### YOUR INSTRUCTIONS:
Copy, word for word, the lines of the entries below between the one with "打开我的小我界面后,点击顶部的设置。如图所示" and the one with "Take ME-26 east", inclusive, and leave out everything else.

### GIVEN RECORDS:
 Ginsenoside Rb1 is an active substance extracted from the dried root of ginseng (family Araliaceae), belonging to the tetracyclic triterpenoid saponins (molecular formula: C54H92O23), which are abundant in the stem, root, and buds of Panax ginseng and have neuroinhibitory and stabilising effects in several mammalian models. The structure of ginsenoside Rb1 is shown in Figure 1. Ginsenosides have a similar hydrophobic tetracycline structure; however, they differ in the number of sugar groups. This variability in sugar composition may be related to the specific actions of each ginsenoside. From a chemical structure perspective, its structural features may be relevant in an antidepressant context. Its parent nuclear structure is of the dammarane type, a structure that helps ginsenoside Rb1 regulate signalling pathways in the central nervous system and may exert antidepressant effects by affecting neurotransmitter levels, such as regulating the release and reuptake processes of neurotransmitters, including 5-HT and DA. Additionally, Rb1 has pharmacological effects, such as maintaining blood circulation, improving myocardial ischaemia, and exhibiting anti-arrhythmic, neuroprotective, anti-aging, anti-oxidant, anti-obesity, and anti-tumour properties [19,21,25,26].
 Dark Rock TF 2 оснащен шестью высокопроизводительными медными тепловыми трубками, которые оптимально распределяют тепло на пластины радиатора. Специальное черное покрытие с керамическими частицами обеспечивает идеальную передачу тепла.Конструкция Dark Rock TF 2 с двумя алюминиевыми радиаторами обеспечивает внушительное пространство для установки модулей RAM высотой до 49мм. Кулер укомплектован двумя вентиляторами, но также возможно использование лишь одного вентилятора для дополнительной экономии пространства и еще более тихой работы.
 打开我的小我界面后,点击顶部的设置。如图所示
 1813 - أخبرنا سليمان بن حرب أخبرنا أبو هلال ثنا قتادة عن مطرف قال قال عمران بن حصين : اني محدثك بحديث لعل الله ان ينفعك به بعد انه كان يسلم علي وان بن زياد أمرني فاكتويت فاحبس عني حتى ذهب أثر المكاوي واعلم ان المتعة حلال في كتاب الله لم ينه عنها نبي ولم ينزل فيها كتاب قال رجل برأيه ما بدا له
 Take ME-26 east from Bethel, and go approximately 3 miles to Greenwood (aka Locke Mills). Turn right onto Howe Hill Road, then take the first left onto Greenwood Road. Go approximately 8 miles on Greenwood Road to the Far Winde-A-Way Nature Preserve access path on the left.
--
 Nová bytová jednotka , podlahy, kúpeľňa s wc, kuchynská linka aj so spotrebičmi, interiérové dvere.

### ANSWER:
 打开我的小我界面后,点击顶部的设置。如图所示
 1813 - أخبرنا سليمان بن حرب أخبرنا أبو هلال ثنا قتادة عن مطرف قال قال عمران بن حصين : اني محدثك بحديث لعل الله ان ينفعك به بعد انه كان يسلم علي وان بن زياد أمرني فاكتويت فاحبس عني حتى ذهب أثر المكاوي واعلم ان المتعة حلال في كتاب الله لم ينه عنها نبي ولم ينزل فيها كتاب قال رجل برأيه ما بدا له
 Take ME-26 east from Bethel, and go approximately 3 miles to Greenwood (aka Locke Mills). Turn right onto Howe Hill Road, then take the first left onto Greenwood Road. Go approximately 8 miles on Greenwood Road to the Far Winde-A-Way Nature Preserve access path on the left.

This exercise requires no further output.